Word Wall from Emily Greenspan's Classroom. Emily is teaching in East Harlem, NYC. |
One professional hallmark of the
accomplished
teacher is the ability to strategically radiate more than one
instructional
environment in the classroom setting. This means that organizing and
managing the classroom, including the disciplinary context of the room,
results
from
intentional action with various classroom structures. Management by
autobiography
and doing to others what was done to you are the hallmarks of
thoughtless
practice. Good management is comprised of an ongoing series of
intentional
decisions that fine tune the ecological system of the classroom.
Great management is the appearance of doing this effortlessly.
Goal One
This
seminar experience
will enable you to exercise those decisions with increasing
sophistication by teaching you to view and effect classroom behavior by
using psychological
and sociological theory in your critical thinking process. You will
learn how to understand and
manipulate
individual and group behavior as part of the same interrelated process.

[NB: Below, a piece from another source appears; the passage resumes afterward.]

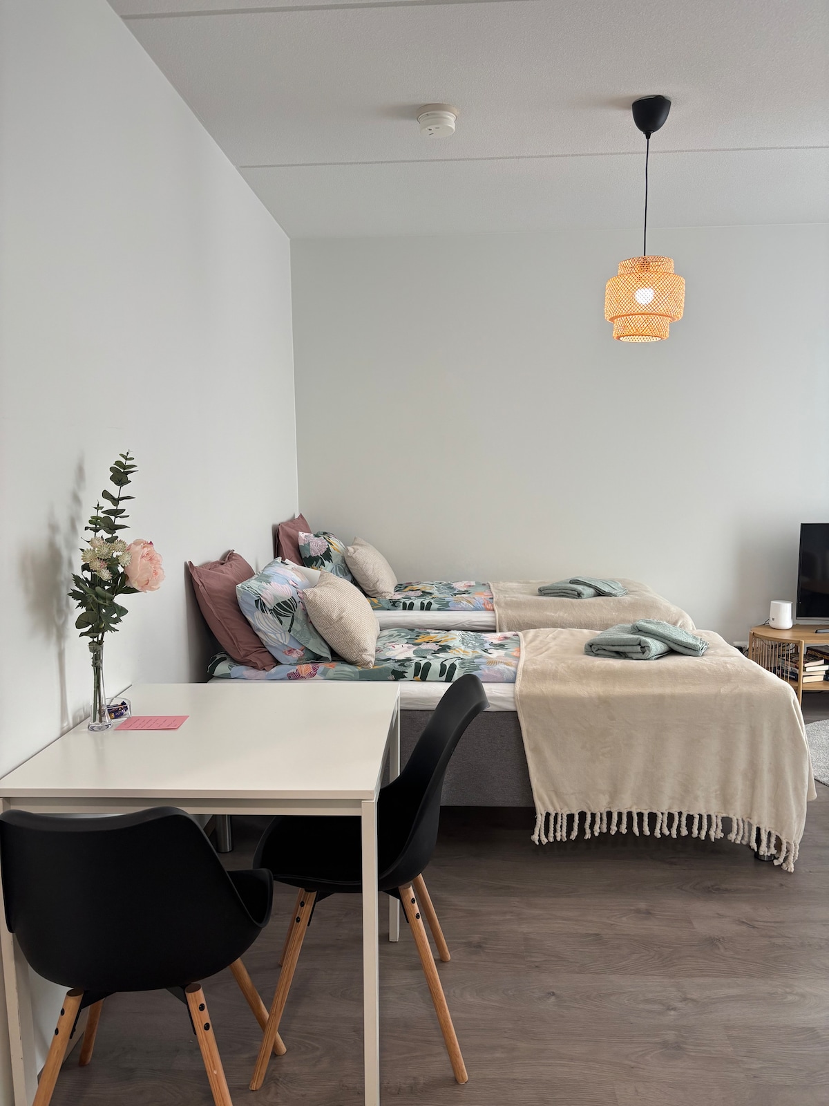 Velkommen til Joutsan Joutiinen, en fredelig ferielandsby midt i naturen! Træd ind i en verden af vores renoverede byhus, der åbner op til den dejlige skovklædte udsigt over Puttolanselä. I Swan Pond-området kan du ikke kun nyde godt udendørs terræn, men også en fantastisk, lavvandet sandstrand, et hyggeligt grillområde samt to tennisbaner. Vores studie er hyggeligt og udstyret med alle de grundlæggende faciliteter. Takket være de store vinduer åbner det smukke landskab direkte ind i lejligheden.

The first goal of this course is that you "manage" a variety
of encouraging classroom environments by gaining control of
yourself.
Goal Two
A second professional hallmark of
an accomplished
teacher is the realization that relationship is at the heart of the
teaching
and learning enterprise. Relationship just doesn't happen. Accomplished
teachers know how to exercise and teach a set of leadership and group
processing
skills so that learners feel membership in their learning
community.
Communities can feel magical, but there is no magic to their
construction. Learning communities properly constructed can
give each child a feeling of courage to step across the borders of
their current learning zone. Therefore, a second goal of this course is that
you become a builder of
community so that each child becomes en-couraged as a unique member of that community.
Goal Three
The third goal of this course is
that you continue to be a reflective and critical problem solver.
More than
any other time in this elementary education program, you will be asked
to join theory to
practice and practice to theory through the disposition of articulate
critical reflectiveness. Our theoretical perspectives
will blend behavioral psychology (Positive Discipline) and the
sociology of small groups (Complex Instruction, Expectation
Theory). You will advance your developing expertise as a become
a competent, intentional problem
solver. Goal Three is manifested in your development of your professional portfolio, a task now achieved under the 188 umbrella.
If these three goals are met, the
fourth goal
for this course is achieved. You will be well on your way to becoming a leader among peers, a
teacher
who will simultaneously know what it takes to advance
equity, academic excellence, and social justice in America's
schoolrooms. This is not idle fantasy. Each year we get
letters - letters from our teaching graduates who let us know that what
they know
and can do in their school settings is quite extraordinary.
It
will be so with you. Trust us on that one!